● Your task
From the listing below, give again exactly the lines from the line with "Bródek. Wielki pożar" to the line with "cihaz fişini prizden", ends included, without any pictures.

● Given information
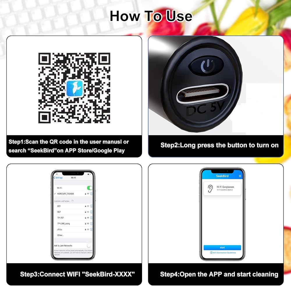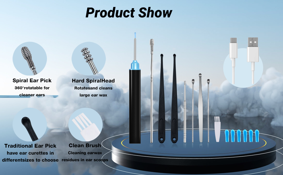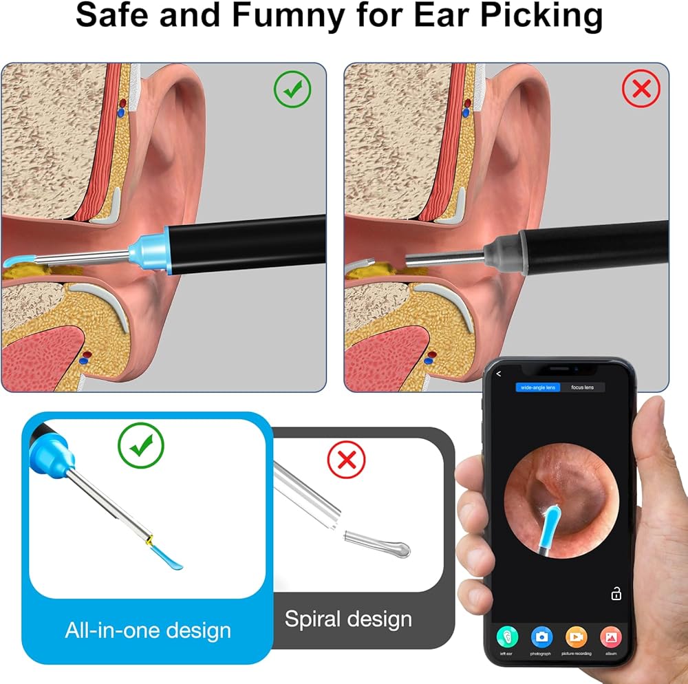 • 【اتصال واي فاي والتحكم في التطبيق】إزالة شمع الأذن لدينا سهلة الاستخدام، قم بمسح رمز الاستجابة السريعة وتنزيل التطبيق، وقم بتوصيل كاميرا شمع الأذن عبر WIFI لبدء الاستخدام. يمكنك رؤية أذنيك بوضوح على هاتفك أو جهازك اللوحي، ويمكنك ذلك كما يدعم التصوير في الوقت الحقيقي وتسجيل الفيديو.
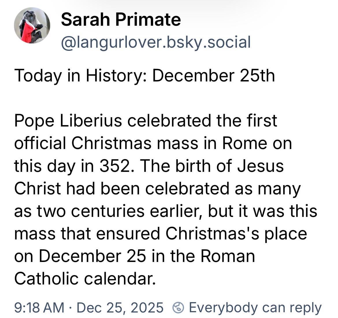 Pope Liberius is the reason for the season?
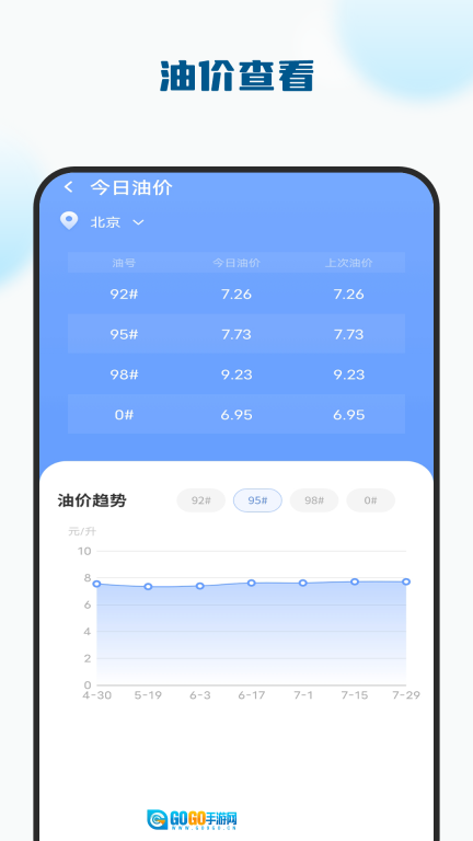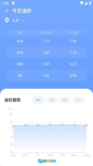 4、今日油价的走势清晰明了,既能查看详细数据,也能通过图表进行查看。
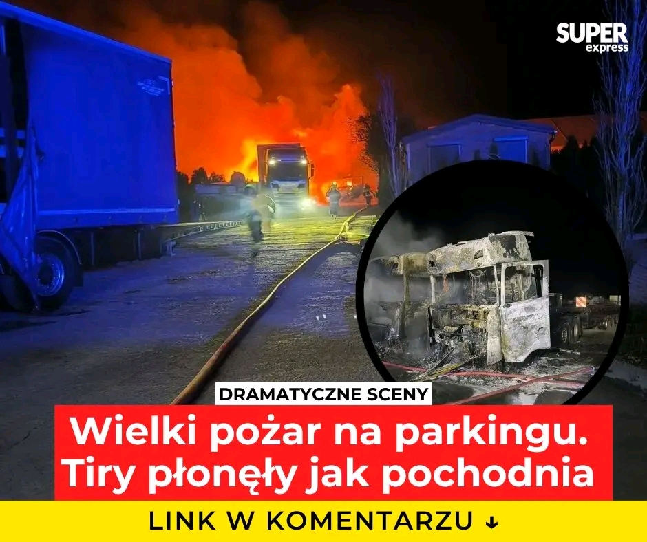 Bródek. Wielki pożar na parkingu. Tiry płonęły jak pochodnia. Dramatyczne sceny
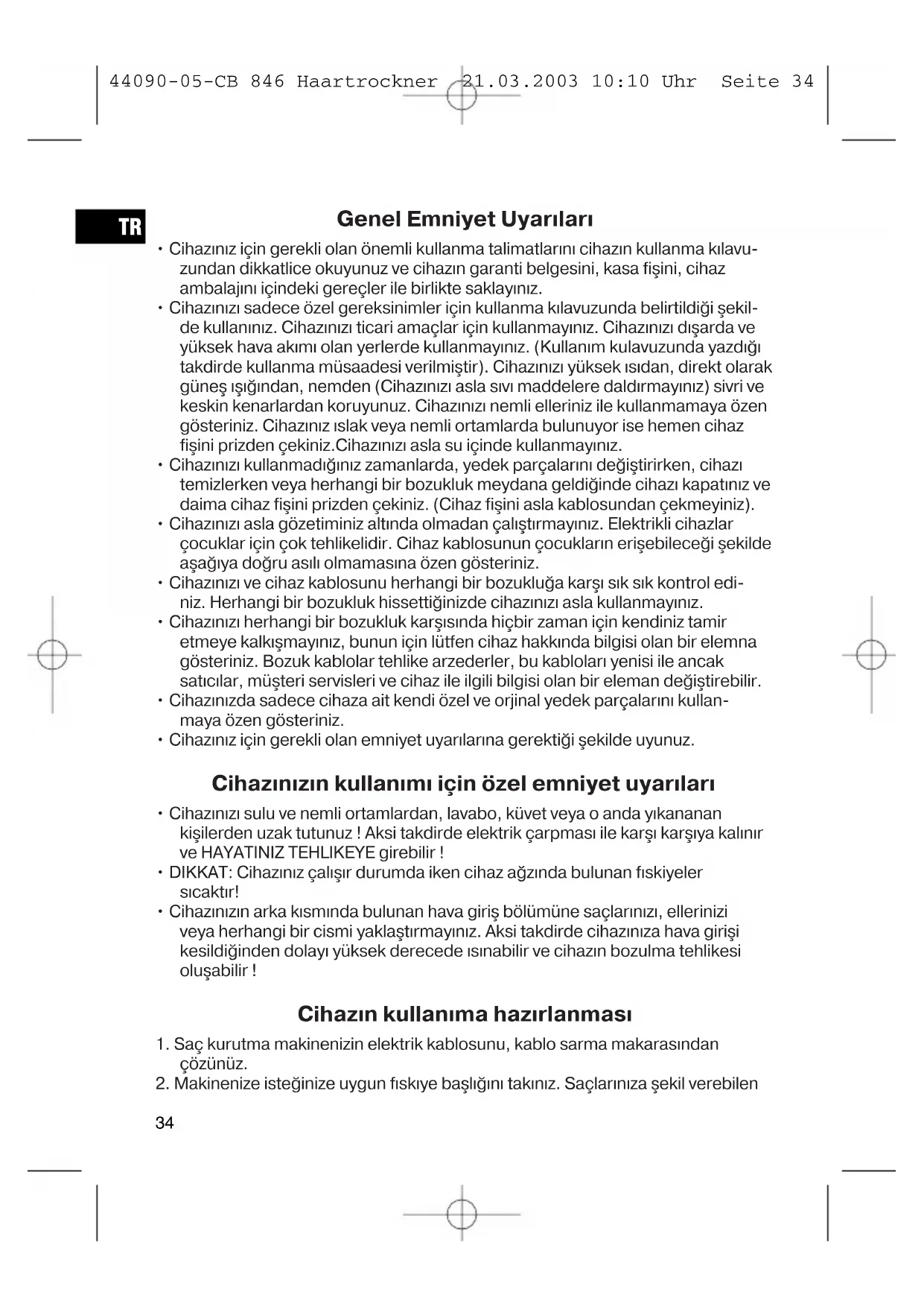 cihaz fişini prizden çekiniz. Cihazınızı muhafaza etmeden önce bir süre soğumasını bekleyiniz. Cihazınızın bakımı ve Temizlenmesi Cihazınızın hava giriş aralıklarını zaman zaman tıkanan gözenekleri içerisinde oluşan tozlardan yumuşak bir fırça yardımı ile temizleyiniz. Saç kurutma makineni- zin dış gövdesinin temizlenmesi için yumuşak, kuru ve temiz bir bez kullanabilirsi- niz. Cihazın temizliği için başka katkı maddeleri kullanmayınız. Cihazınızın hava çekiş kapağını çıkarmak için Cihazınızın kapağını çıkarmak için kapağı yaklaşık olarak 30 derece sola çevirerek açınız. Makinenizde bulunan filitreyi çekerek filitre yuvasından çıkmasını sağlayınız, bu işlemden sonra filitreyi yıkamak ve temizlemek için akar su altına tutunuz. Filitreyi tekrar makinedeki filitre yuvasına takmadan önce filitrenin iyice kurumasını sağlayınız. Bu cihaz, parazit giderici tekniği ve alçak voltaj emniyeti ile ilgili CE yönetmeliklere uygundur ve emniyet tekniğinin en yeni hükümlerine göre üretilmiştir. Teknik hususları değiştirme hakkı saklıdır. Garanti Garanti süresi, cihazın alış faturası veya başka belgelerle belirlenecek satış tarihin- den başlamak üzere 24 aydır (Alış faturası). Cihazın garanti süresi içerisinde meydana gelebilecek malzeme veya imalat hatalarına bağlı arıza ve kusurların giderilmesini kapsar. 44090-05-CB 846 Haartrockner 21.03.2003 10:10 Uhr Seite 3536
* * *
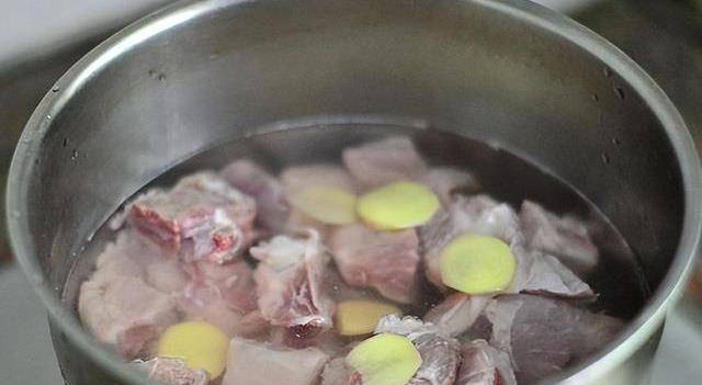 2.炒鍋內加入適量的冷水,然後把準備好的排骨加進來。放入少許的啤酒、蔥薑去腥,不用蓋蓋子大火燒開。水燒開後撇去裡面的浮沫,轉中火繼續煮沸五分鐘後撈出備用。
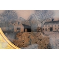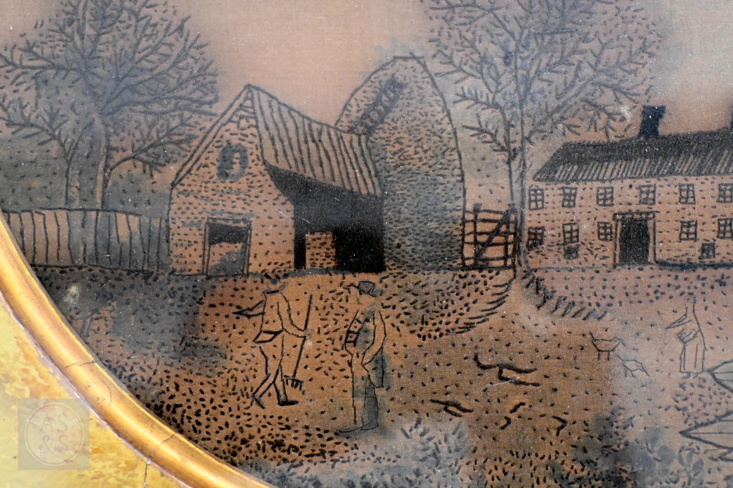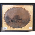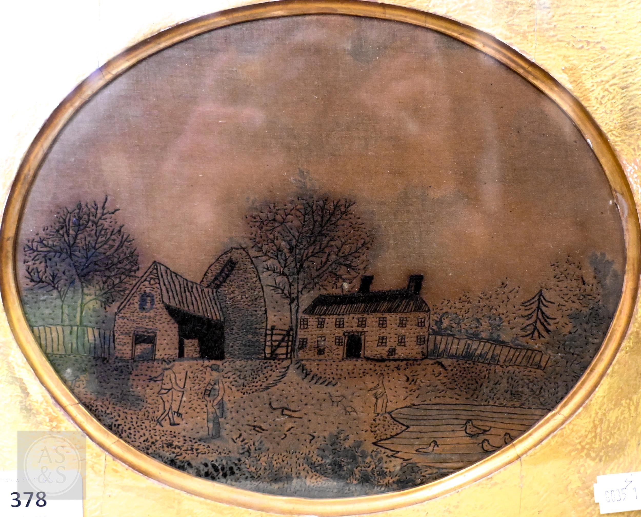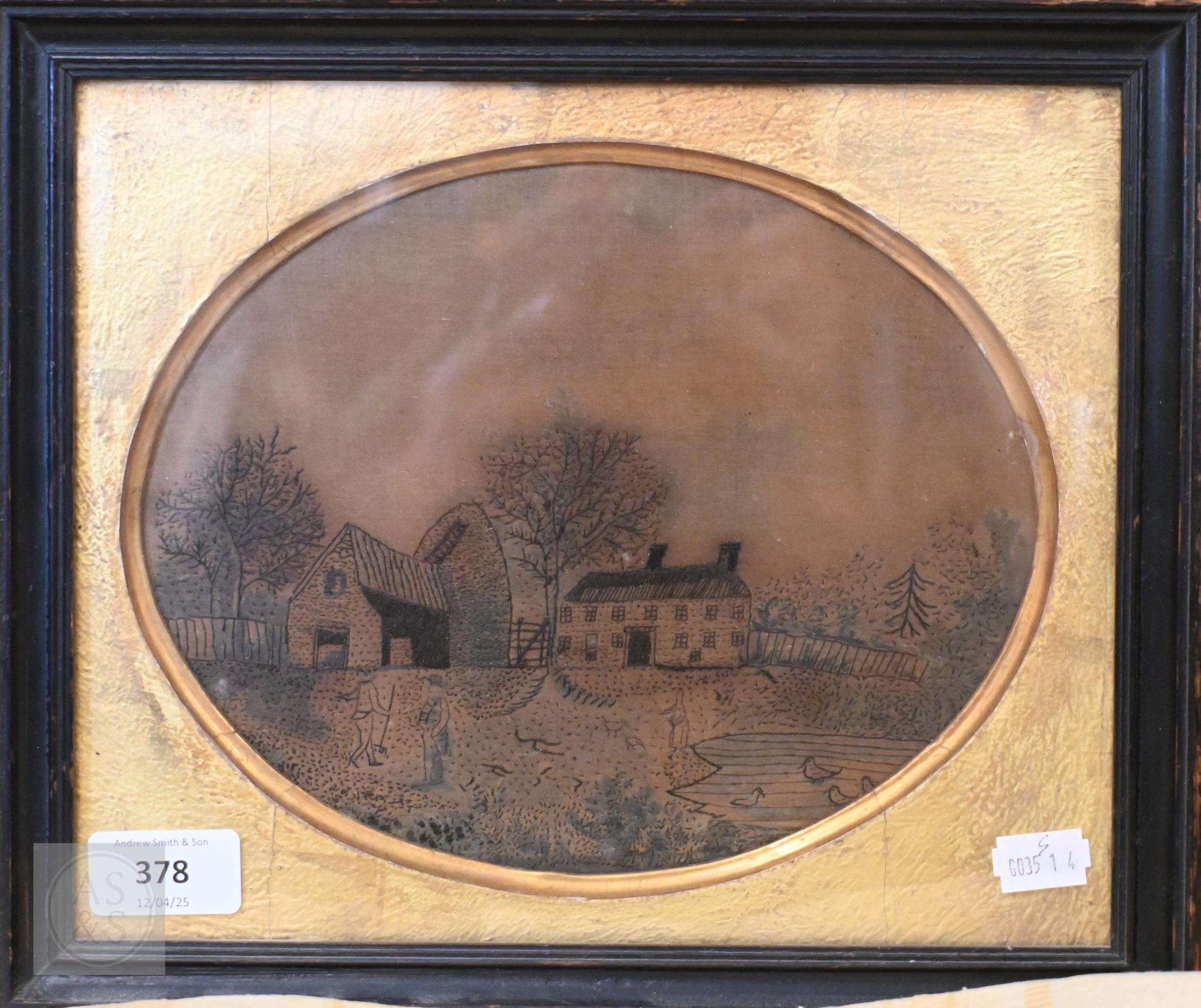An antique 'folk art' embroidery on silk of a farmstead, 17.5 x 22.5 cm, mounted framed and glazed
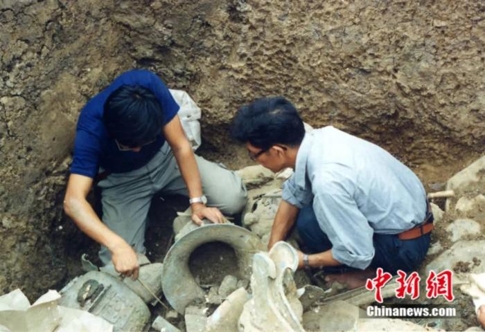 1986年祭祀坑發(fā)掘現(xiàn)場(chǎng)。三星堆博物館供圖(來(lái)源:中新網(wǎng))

● Solved problem
 Bródek. Wielki pożar na parkingu. Tiry płonęły jak pochodnia. Dramatyczne sceny
 cihaz fişini prizden çekiniz. Cihazınızı muhafaza etmeden önce bir süre soğumasını bekleyiniz. Cihazınızın bakımı ve Temizlenmesi Cihazınızın hava giriş aralıklarını zaman zaman tıkanan gözenekleri içerisinde oluşan tozlardan yumuşak bir fırça yardımı ile temizleyiniz. Saç kurutma makineni- zin dış gövdesinin temizlenmesi için yumuşak, kuru ve temiz bir bez kullanabilirsi- niz. Cihazın temizliği için başka katkı maddeleri kullanmayınız. Cihazınızın hava çekiş kapağını çıkarmak için Cihazınızın kapağını çıkarmak için kapağı yaklaşık olarak 30 derece sola çevirerek açınız. Makinenizde bulunan filitreyi çekerek filitre yuvasından çıkmasını sağlayınız, bu işlemden sonra filitreyi yıkamak ve temizlemek için akar su altına tutunuz. Filitreyi tekrar makinedeki filitre yuvasına takmadan önce filitrenin iyice kurumasını sağlayınız. Bu cihaz, parazit giderici tekniği ve alçak voltaj emniyeti ile ilgili CE yönetmeliklere uygundur ve emniyet tekniğinin en yeni hükümlerine göre üretilmiştir. Teknik hususları değiştirme hakkı saklıdır. Garanti Garanti süresi, cihazın alış faturası veya başka belgelerle belirlenecek satış tarihin- den başlamak üzere 24 aydır (Alış faturası). Cihazın garanti süresi içerisinde meydana gelebilecek malzeme veya imalat hatalarına bağlı arıza ve kusurların giderilmesini kapsar. 44090-05-CB 846 Haartrockner 21.03.2003 10:10 Uhr Seite 3536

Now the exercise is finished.